A second change is that clarification has been made that, due to their potentially unexpected meaning, you should alert ‘a non-forcing new suit response, to a non-forcing suit opening at any level, below game, unless responder has previously passed, bids over a natural NT overcall,
or makes a double jump’. This now includes situations such as non-forcing change of suit responses to opening pre-empts.


Finally there is a new, simpler and wider definition of a ‘strong’ hand (for the purpose of regulating agreements) and a new approach to disclosing strong opening bids. The old ‘ER25’ regulation no longer applies and instead, to be considered a ‘Strong’ opening bid or overcall, the minimum allowed by agreement is:

(a) any hand of at least 16 HCP; or

(b) any hand of at least 12 HCP with at least five controls.

An Ace is counted as two controls and a King one.
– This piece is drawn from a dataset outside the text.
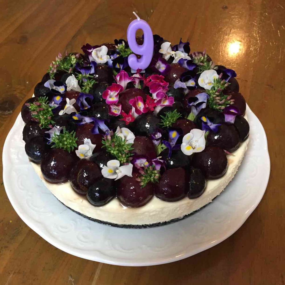 娘のお誕生日ケーキ♡ブドウ狩りしたブドウと食用花をデコレーションしました。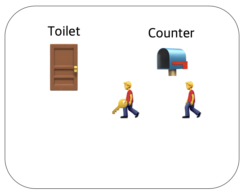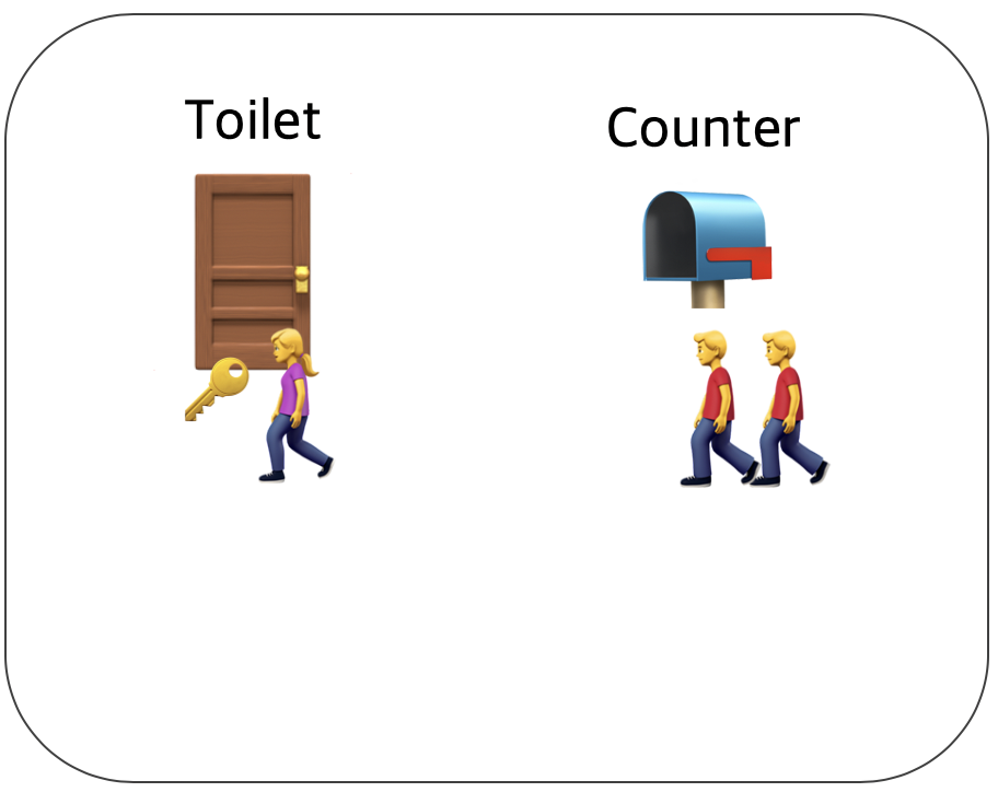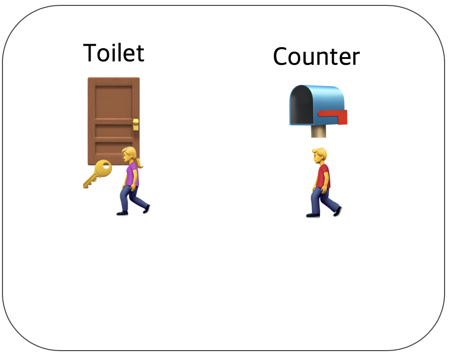 이제 당신이 화장실에서 나와 카운터에 키를 돌려놓았다. 이제 기다리던 사람들 중 맨 앞에있던 사람은 키를 받을 수 있고 이를 이용해 화장실에 갈 수 있다.

There are 12 controls in any one deal.

So any hand that conforms to this may be opened with a strong, artificial bid like a Benjamin 2C but it may not be described as ‘strong’ without further explanation if it may be made with a hand that would not historically have been considered worthy of a forcing opening, such as a balanced or semi-balanced hand with fewer than 18 HCP, or a hand with a lot of playing strength but limited high cards.

This must be disclosed clearly both on the system card and in response to questions, by describing it as something like ‘a strong, artificial opening but may have less high-card strength than traditional strong hands’. This applies even though the minimum agreed strength must be in line with (b) above.

There is no restriction on the strength of a natural two-level or higher opening bid but similar requirements for full disclosure apply.

So there is now greater freedom to open a wider range of hands as ‘strong’ (though this should not be taken as a recommendation to open all hands within the limits as strong bids!) but greater responsibility to ensure that your opponents are properly informed about your style.